Nessa área há três chefes que precisam ser mortos, para liberar a luta final, um deles sendo bom, o outro okay (apesar de muito desbalanceado) e o último uma das piores lutas que já vi em um jogo. Design terrível, hit box quebrada, pouquíssimos ataques diferentes, e que às vezes entra em um ciclo de usar o mesmo três ou quatro vezes em sequência. O tempo de reação de alguns golpes é quase nulo, e às vezes parecendo pular animações, além da vida ser massiva e você morrer por quase qualquer ataque.
Toda essa parte joga completamente fora a curva de dificuldade. Em alguns momentos eu me questionei se não havia feito algo errado com o meu personagem, ou deixei de achar um item que aumentasse muito a minha vida, ou até mesmo usando sem querer algum item que fizesse eu receber mais dano, mas não, era o jogo mesmo colocando uma dificuldade completamente artificial, que faz de todas as lutas um exercício de: ou você decora totalmente cada ataque, e torce para que não aconteça algum bug, ou você morre.
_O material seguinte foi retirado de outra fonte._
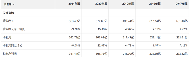 长江电力的业绩十分稳定,长期缓慢增长,近5年营业收入从500亿增长到550亿,净利润从222亿增长到262亿。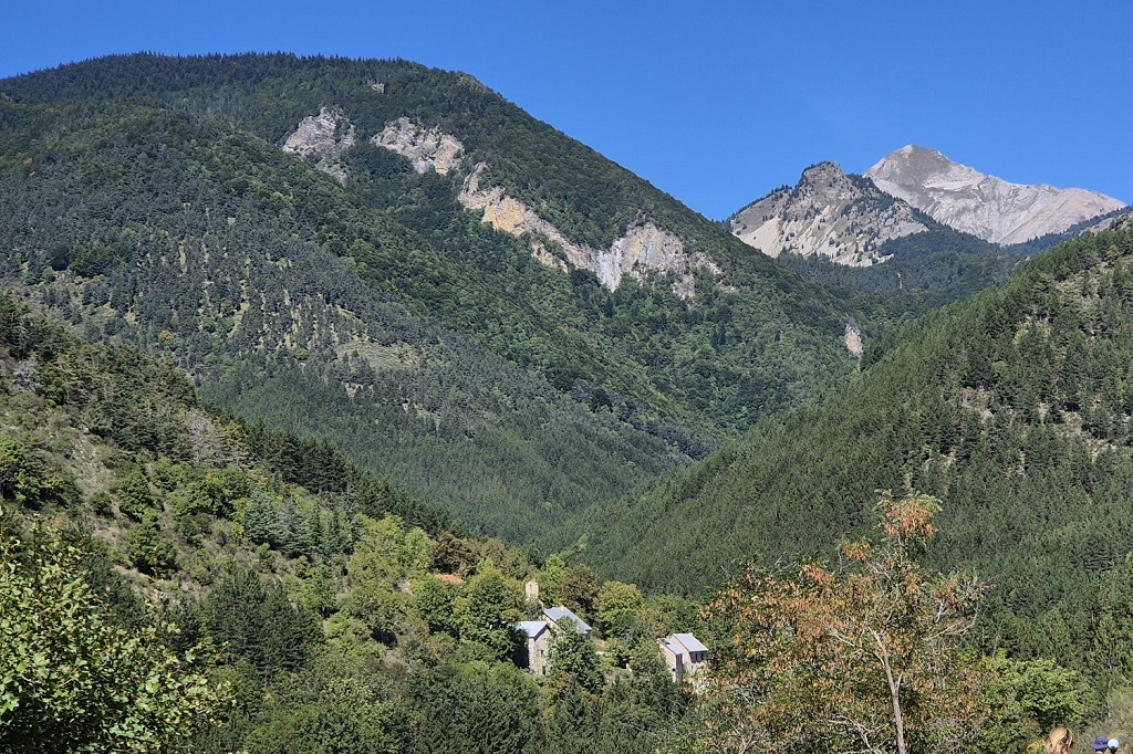 Démarrer sur la piste forestière puis la quitter pour emprunter le sentier qui monte à gauche dans la forêt domaniale de Durbon. Il coupe le piste un peu plus loin et continue en balcon, au-dessus du ravin de Berthaud (attention : quelques passages étroits et caillouteux et un peu exposés par endroits).

O jogo em nenhum momento pedia esse nível de perfeição, isso faz com que as partes do combate que já eram fracas se tornam terríveis. Algumas lutas são extremamente entediantes devido ao tamanho da vida do chefe, e o design de alguns também não ajuda, sendo extremamente toscos e sem inspiração.
E após passar por todos esses problemas, quando você finalmente chega no chefe final, é também um dos piores que já enfrentei em um jogo, em todos os aspectos, uma luta genuinamente miserável e quebrada, que me fez questionar se tinha sido sequer testada. Na verdade toda essa área final parece inacabada, feita às pressas e colocada sem testes, há uma queda tão grande de qualidade que é difícil não fazer esse tipo de presunção. Todos os problemas dessa parte final acabam colocando uma mancha em toda a experiência, mesmo colocando no contexto de um jogo que eu adorei até aquele ponto.
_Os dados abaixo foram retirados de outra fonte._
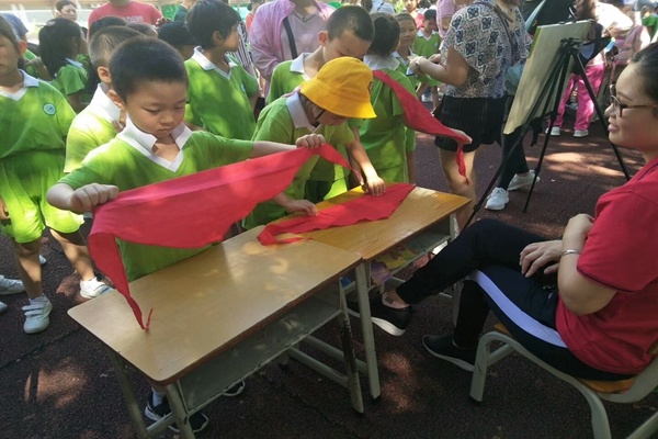 第二個(gè)議程是自由活動(dòng)——參加能力大考驗(yàn)。老師們精心準(zhǔn)備了“我會(huì)系紅領(lǐng)巾”、“我會(huì)疊被子”、“我會(huì)綁鞋帶”、“我有一雙干凈的小手”、“我會(huì)整理書包”、“我會(huì)疊衣服”“、“我會(huì)綁跳繩”、“我會(huì)整理課桌”8個(gè)項(xiàng)目來考驗(yàn)孩子們的生活自理能力。當(dāng)不少家長(zhǎng)發(fā)現(xiàn)孩子疊被子有困難時(shí),都及時(shí)的耐心指導(dǎo),不僅提高了孩子們的自立能力,同時(shí)也讓家長(zhǎng)意識(shí)到生活中應(yīng)該養(yǎng)成好習(xí)慣。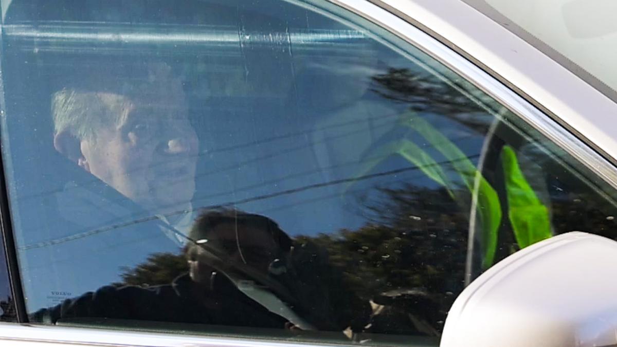 El rey emérito, que vestía cazadora náutica y pantalón azul marino, ha viajado en el asiento del copiloto y ha saludado a los gráficos que le esperaban a la salida del recinto aeroportuario.
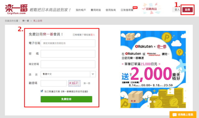 「日本樂天市場 X 樂一番轉運」活動頁面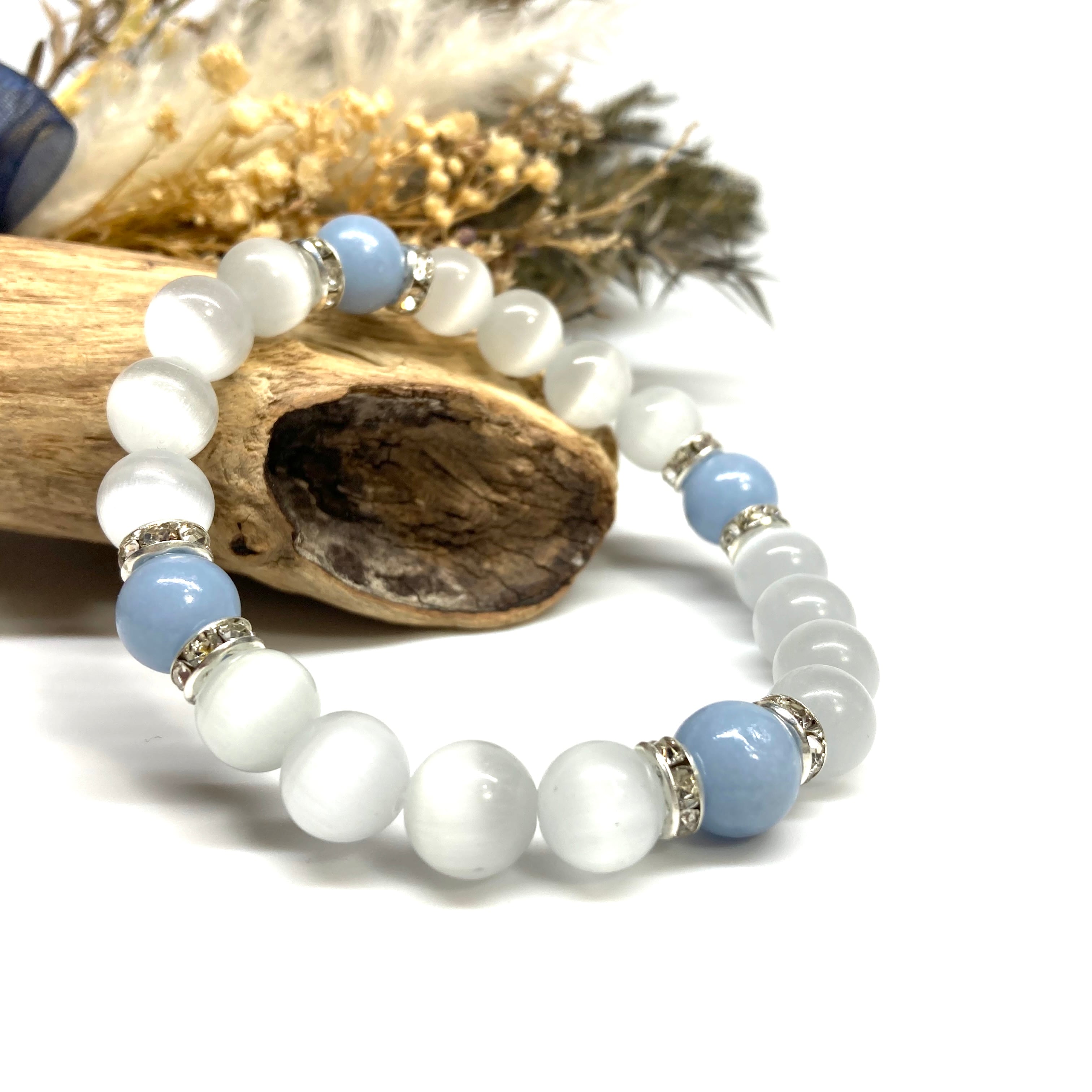こちらは、キャッツアイとエンジェライトを組み合わせたブレスレットです。間にはロンデルを挟み高級感あるデザインに仕上がっています。石大きさは腕にも馴染みやすいように10mm玉で内周約17cm(伸可能)です。数に限りがございますので気になる方はお早めにどうぞ。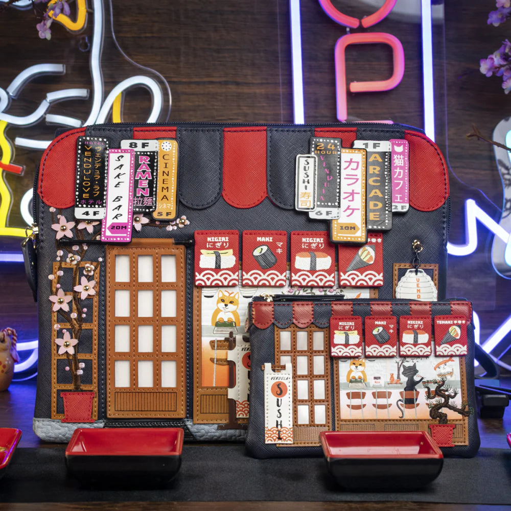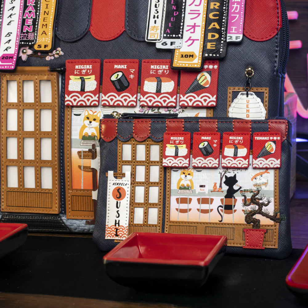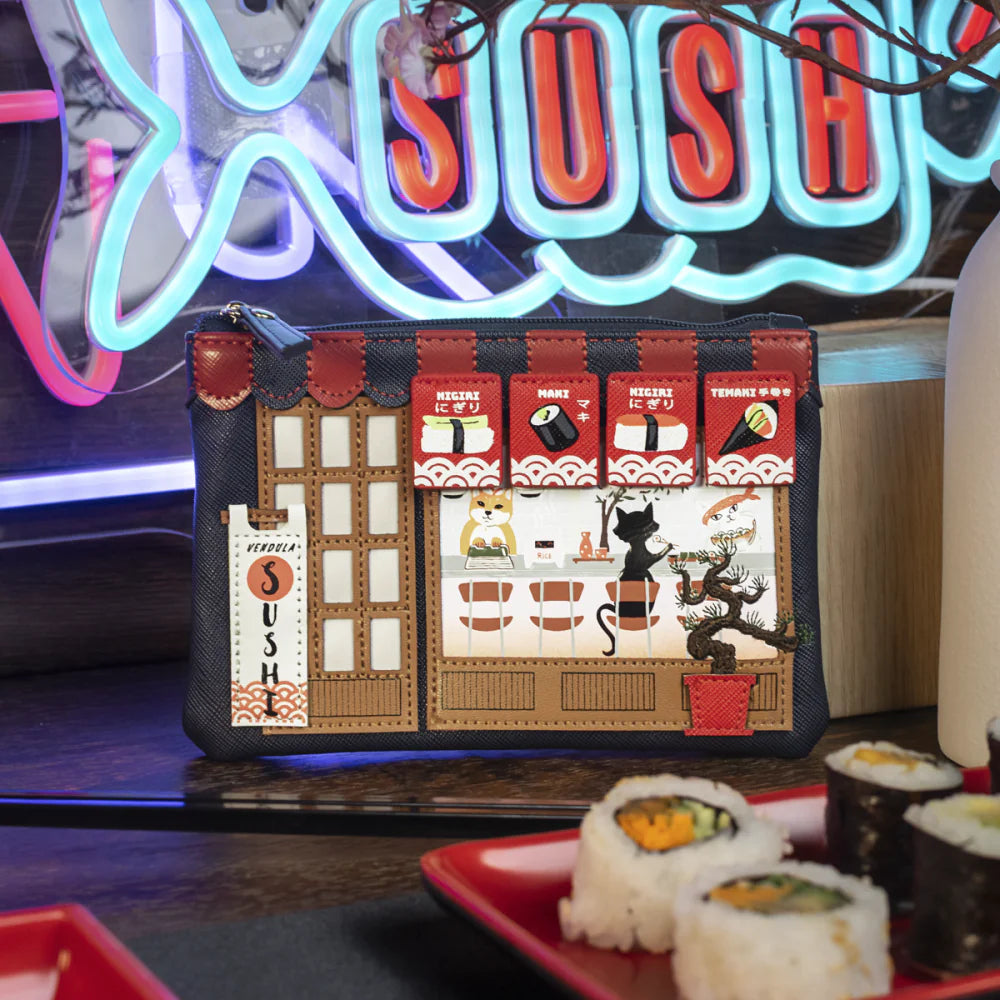 Zip it up with flair! The Vendula Sushi – Blue Edition Zipper Coin Purse is a must-have mini with major personality. Designed in vegan leather and featuring a sushi restaurant-themed artwork with vivid prints and appliqué, it includes a spacious compartment for coins and cards plus a keychain for convenience. Whether linked to your keys or clipped onto your bag, it’s a joyful everyday companion.

No fim, Mortal Shell II é totalmente elevado por sua exploração e mundo, que une todos os elementos do jogo em uma experiência extremamente engajante, e em alguns momentos até especial. É um dos poucos jogos que chegou perto de me fazer ter a mesma experiência dos primeiros jogos “Souls”. O senso de descoberta, imensidão e recompensa a cada área, me lembraram o porquê gosto tanto desse estilo de jogo.
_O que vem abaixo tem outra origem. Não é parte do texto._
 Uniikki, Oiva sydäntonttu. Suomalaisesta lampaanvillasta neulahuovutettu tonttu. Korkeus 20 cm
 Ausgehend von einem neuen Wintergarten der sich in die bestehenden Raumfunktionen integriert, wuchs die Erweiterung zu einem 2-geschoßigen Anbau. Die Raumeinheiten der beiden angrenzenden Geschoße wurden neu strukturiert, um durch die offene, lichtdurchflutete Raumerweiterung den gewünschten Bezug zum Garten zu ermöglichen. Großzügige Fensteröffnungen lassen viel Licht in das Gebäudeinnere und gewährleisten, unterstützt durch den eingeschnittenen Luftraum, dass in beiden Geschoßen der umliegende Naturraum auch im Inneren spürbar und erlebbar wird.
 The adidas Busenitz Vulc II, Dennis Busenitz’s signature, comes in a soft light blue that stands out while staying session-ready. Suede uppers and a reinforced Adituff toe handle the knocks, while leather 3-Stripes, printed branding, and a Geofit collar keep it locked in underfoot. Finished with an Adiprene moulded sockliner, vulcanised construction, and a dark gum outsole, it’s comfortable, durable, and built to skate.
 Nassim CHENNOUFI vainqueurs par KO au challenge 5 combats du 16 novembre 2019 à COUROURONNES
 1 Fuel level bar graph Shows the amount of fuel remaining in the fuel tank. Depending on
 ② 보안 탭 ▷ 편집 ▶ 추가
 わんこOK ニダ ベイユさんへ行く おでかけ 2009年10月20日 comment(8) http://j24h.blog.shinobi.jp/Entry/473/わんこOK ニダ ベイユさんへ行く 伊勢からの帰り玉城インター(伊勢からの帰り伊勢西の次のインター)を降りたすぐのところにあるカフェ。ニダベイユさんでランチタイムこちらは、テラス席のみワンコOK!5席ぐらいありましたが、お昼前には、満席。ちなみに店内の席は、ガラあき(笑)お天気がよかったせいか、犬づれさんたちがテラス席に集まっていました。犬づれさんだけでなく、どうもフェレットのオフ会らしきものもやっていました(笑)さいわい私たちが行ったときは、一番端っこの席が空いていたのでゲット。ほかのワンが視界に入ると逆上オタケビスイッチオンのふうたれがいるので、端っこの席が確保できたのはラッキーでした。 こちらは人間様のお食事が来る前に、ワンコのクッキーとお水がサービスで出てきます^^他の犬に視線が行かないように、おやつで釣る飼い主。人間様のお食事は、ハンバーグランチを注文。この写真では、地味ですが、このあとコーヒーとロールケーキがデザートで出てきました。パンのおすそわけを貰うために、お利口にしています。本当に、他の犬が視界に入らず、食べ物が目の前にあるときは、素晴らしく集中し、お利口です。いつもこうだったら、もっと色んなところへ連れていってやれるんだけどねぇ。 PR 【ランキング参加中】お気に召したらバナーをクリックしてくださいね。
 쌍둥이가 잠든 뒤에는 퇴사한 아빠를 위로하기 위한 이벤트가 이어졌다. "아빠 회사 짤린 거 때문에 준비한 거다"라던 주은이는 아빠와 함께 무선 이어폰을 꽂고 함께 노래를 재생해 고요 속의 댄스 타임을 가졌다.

É um jogo extremamente falho, mas que fala diretamente com meus gostos que foram sendo moldados durante a minha vida, onde seus pontos fortes conseguiram me cegar para seus defeitos, mas até certo ponto, pois infelizmente, não foi o suficiente para sua parte final tão disruptiva em termos de qualidade, que prejudica toda a experiência. Com os ajustes certos toda essa frustração pode diminuir, mas isso não muda a experiência que tive na versão que joguei para esta análise, por isso é impossível dar uma nota maior no momento.